▶ [Assigned task]
A word-for-word copy of the data is what's wanted, with no pictures.

(Dataset excerpts)
"""

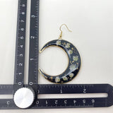 These earrings feature delicate Baby's Breath flowers meticulously preserved in black resin, forming captivating black moon-shaped charms.
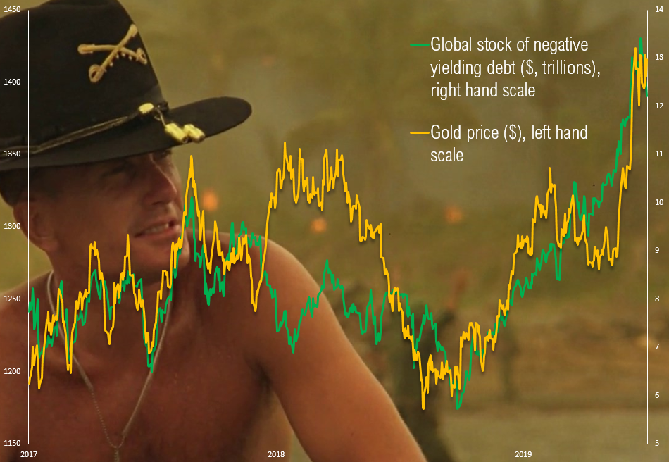 The negative-yielding debt pile is set to grow strongly for the time being, and the price of gold with it – for why would own an asset that pays a negative yield, when you could own one that pays zero? I know which I’d rather have. As fund manager Daniel Lacalle recently wrote:
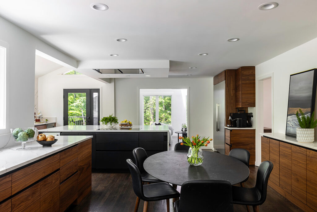 Expansive windows now flood the space with natural light, framing views of the lush backyard and making the kitchen feel like an extension of the landscape. Every detail was designed with purpose — from high-end appliances and hidden storage solutions to a dedicated beverage station that keeps entertaining seamless. The result is a kitchen that blends functionality and luxury, creating a true heart of the home where memories are made daily.
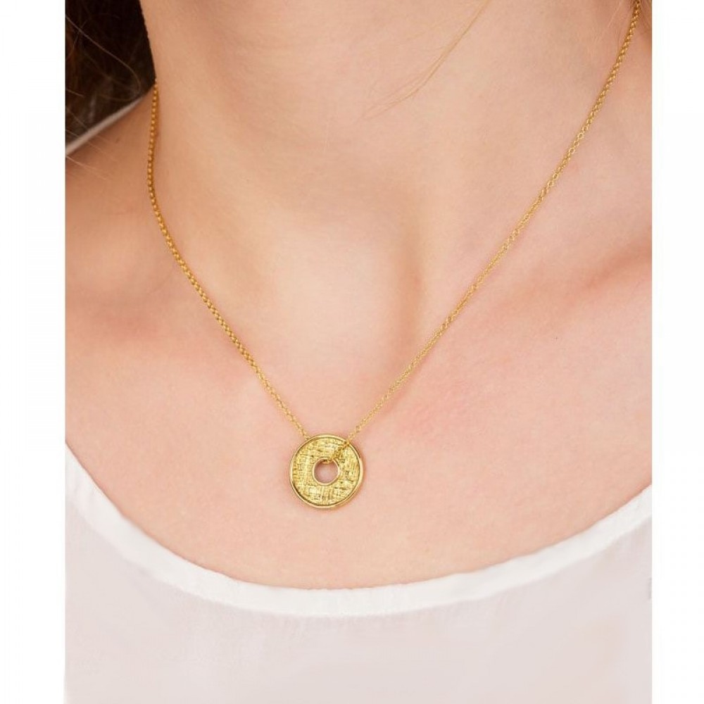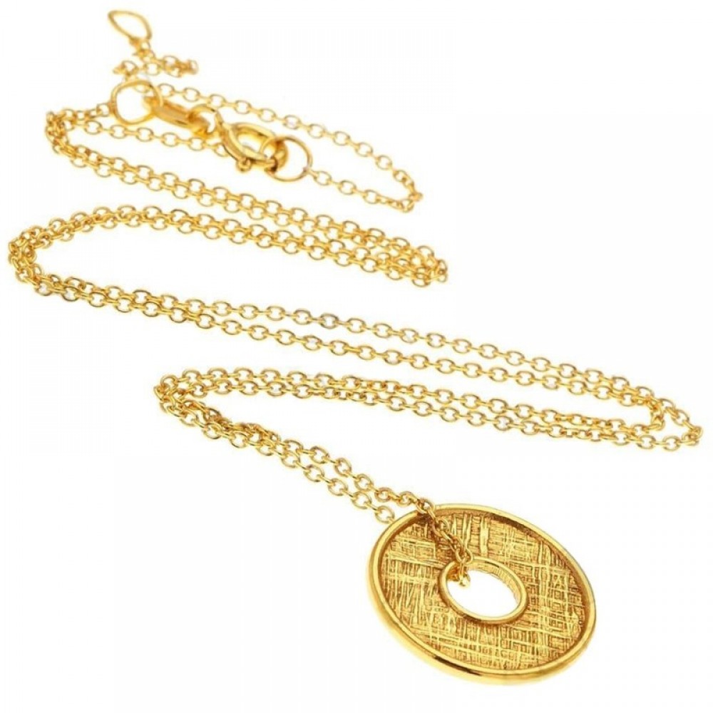 Ασημένιο με επιχρύσωση 18Κ κολιέ με φλουρί περασμένο στην αλυσίδα
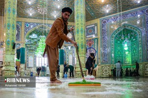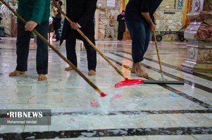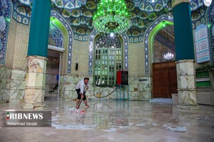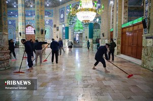 در آستانه ولادت حضرت ولیعصر (عج) مسجد مقدس جمکران توسط خادمین این مسجد غبار روبی و شست شو شد
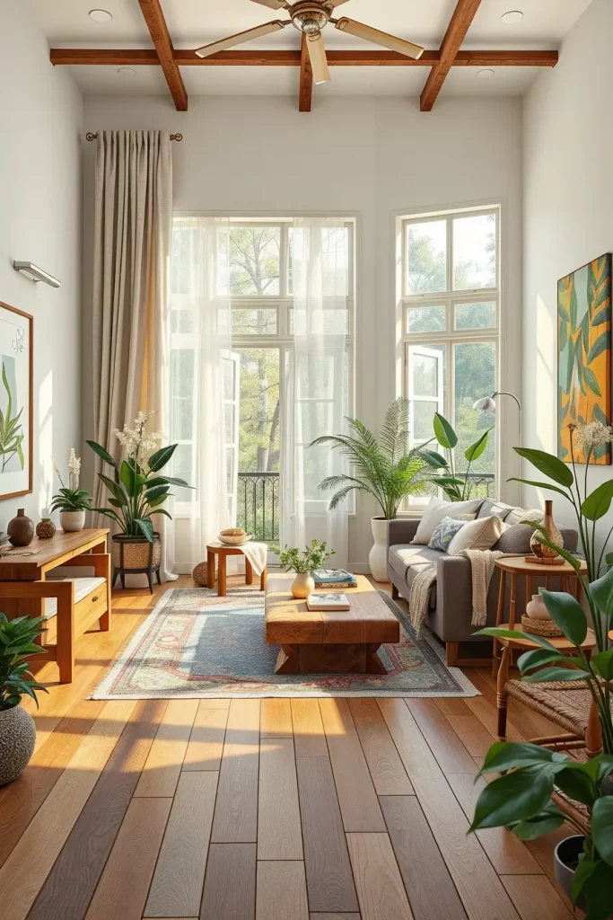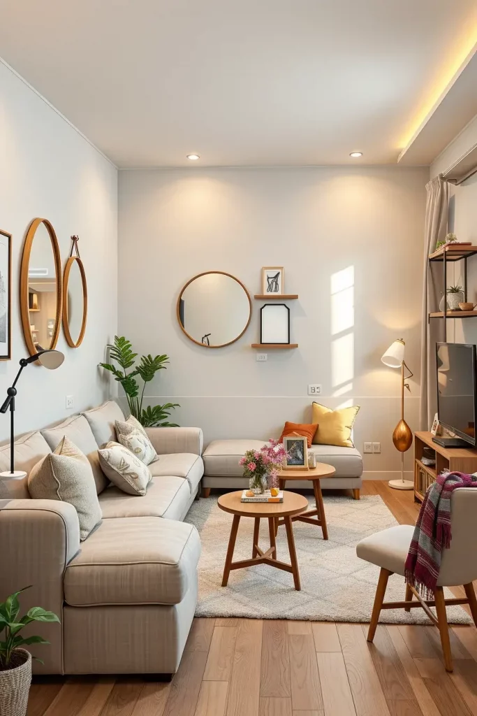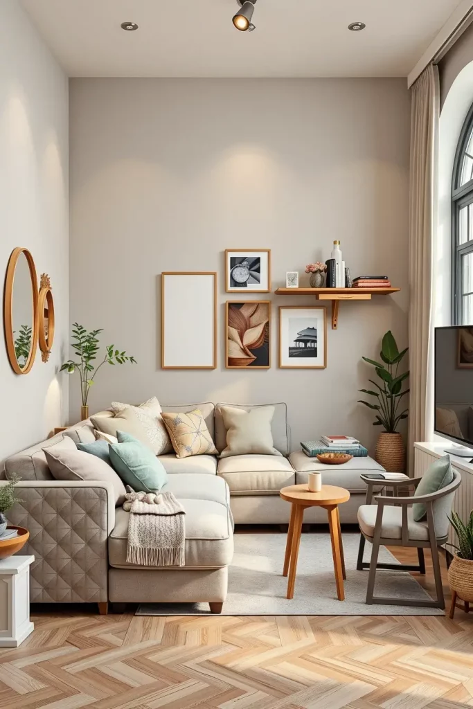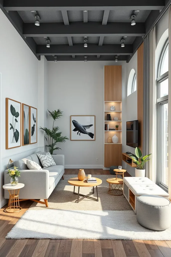 I pay more attention to multifunctional pieces of furniture, i.e., sofas with storage, nestable coffee tables, and desks mounted on walls. Mirrors and reflective surfaces can be used to open up narrow spaces whereas vertical storage will maximize the height.
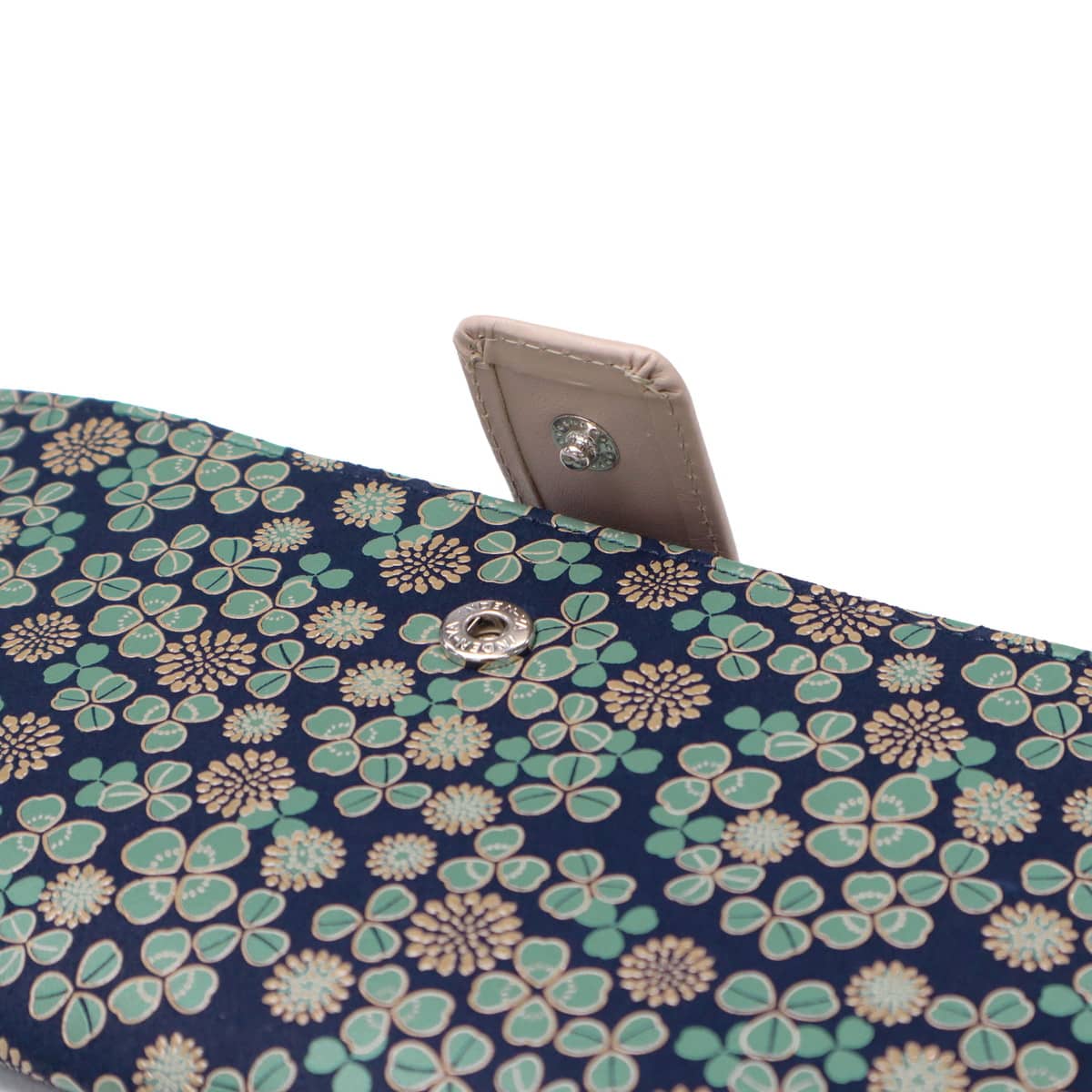 紺色の鹿革に、三つ葉とこんもりした花をパステルグリーンの更紗と白漆で表現した印傳屋オリジナル『白詰草』の二つ折り財布。敷き詰めた葉の中には、幸運を象徴する四つ葉が隠れています。包まれると、ほっと嬉しくなる素朴な野花をモチーフに、ちょっと心地いい気分になれるアイテムをつくりました。
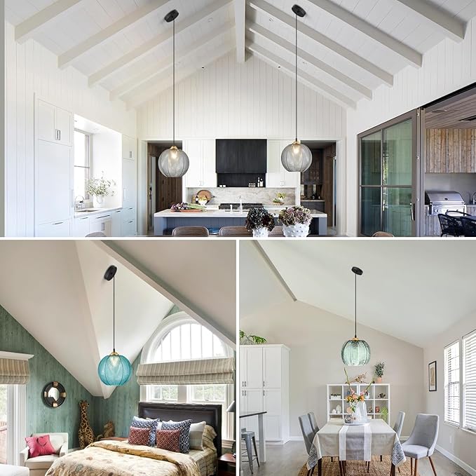 - Perfect Application: This pendant light works with industrial, modern and transitional designs.The retro textured glass hanging lights are versatile and can be used in a variety of different application scenarios.From farmhouse pendant lighting for kitchen Island,sink,dining table to pendant lights for bathrooms,foyers, stairways. It's great in living room,restaurant,coffee shop,office,bedroom,bedside,study, corridor,entrance, hallways,bar, hotel
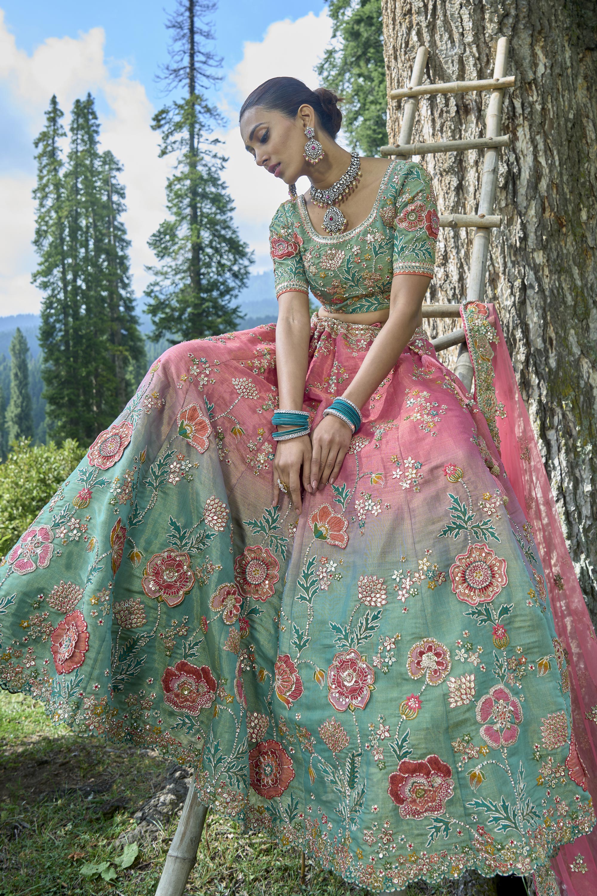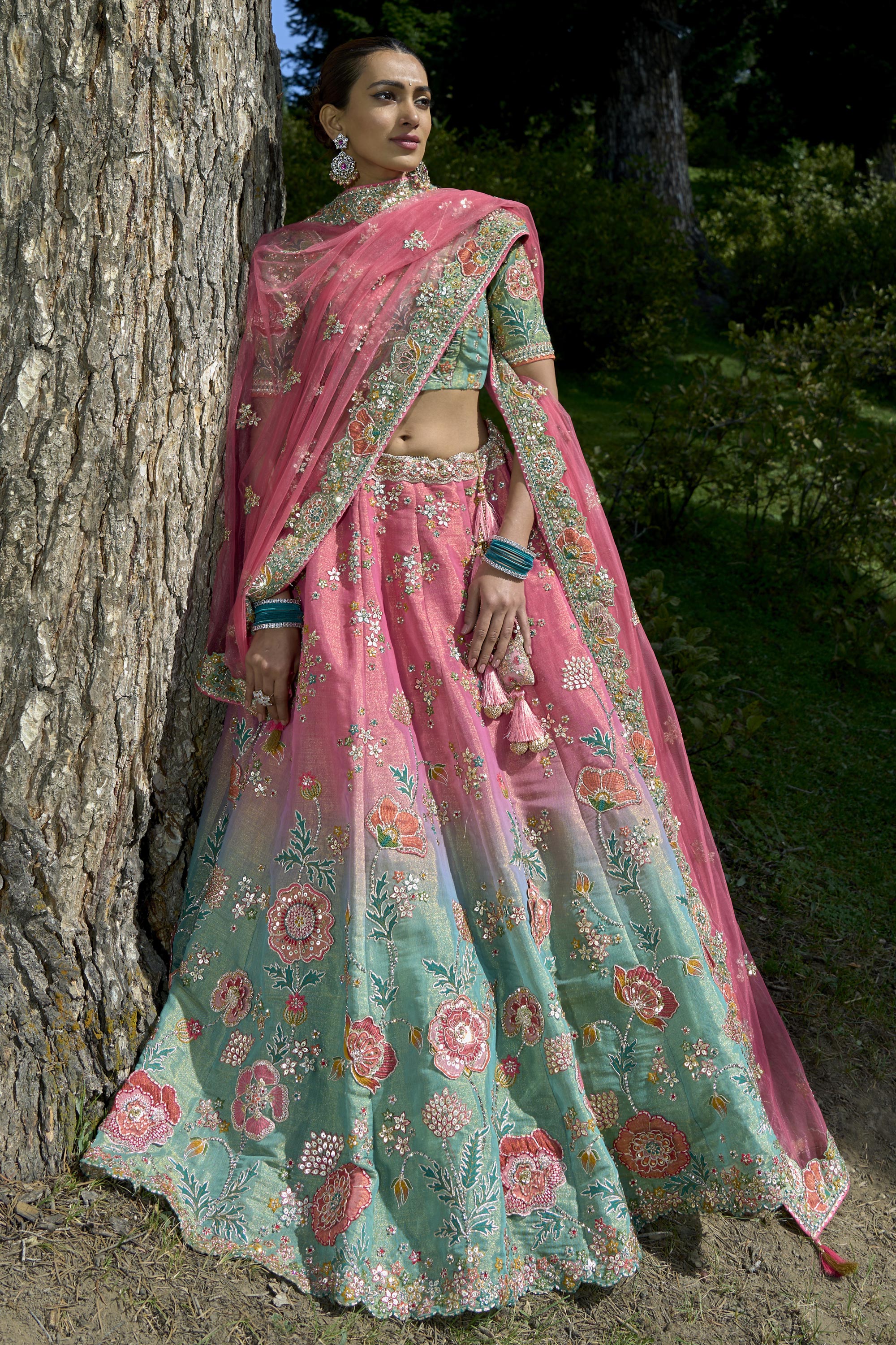 Heavy Embroidery Work Sea Green Color Viscose Fabric Bridal Lehenga Choli

"""

▶ [Solution to this exercise]
 These earrings feature delicate Baby's Breath flowers meticulously preserved in black resin, forming captivating black moon-shaped charms.
 The negative-yielding debt pile is set to grow strongly for the time being, and the price of gold with it – for why would own an asset that pays a negative yield, when you could own one that pays zero? I know which I’d rather have. As fund manager Daniel Lacalle recently wrote:
 Expansive windows now flood the space with natural light, framing views of the lush backyard and making the kitchen feel like an extension of the landscape. Every detail was designed with purpose — from high-end appliances and hidden storage solutions to a dedicated beverage station that keeps entertaining seamless. The result is a kitchen that blends functionality and luxury, creating a true heart of the home where memories are made daily.
 Ασημένιο με επιχρύσωση 18Κ κολιέ με φλουρί περασμένο στην αλυσίδα
 در آستانه ولادت حضرت ولیعصر (عج) مسجد مقدس جمکران توسط خادمین این مسجد غبار روبی و شست شو شد
 I pay more attention to multifunctional pieces of furniture, i.e., sofas with storage, nestable coffee tables, and desks mounted on walls. Mirrors and reflective surfaces can be used to open up narrow spaces whereas vertical storage will maximize the height.
 紺色の鹿革に、三つ葉とこんもりした花をパステルグリーンの更紗と白漆で表現した印傳屋オリジナル『白詰草』の二つ折り財布。敷き詰めた葉の中には、幸運を象徴する四つ葉が隠れています。包まれると、ほっと嬉しくなる素朴な野花をモチーフに、ちょっと心地いい気分になれるアイテムをつくりました。
 - Perfect Application: This pendant light works with industrial, modern and transitional designs.The retro textured glass hanging lights are versatile and can be used in a variety of different application scenarios.From farmhouse pendant lighting for kitchen Island,sink,dining table to pendant lights for bathrooms,foyers, stairways. It's great in living room,restaurant,coffee shop,office,bedroom,bedside,study, corridor,entrance, hallways,bar, hotel
 Heavy Embroidery Work Sea Green Color Viscose Fabric Bridal Lehenga Choli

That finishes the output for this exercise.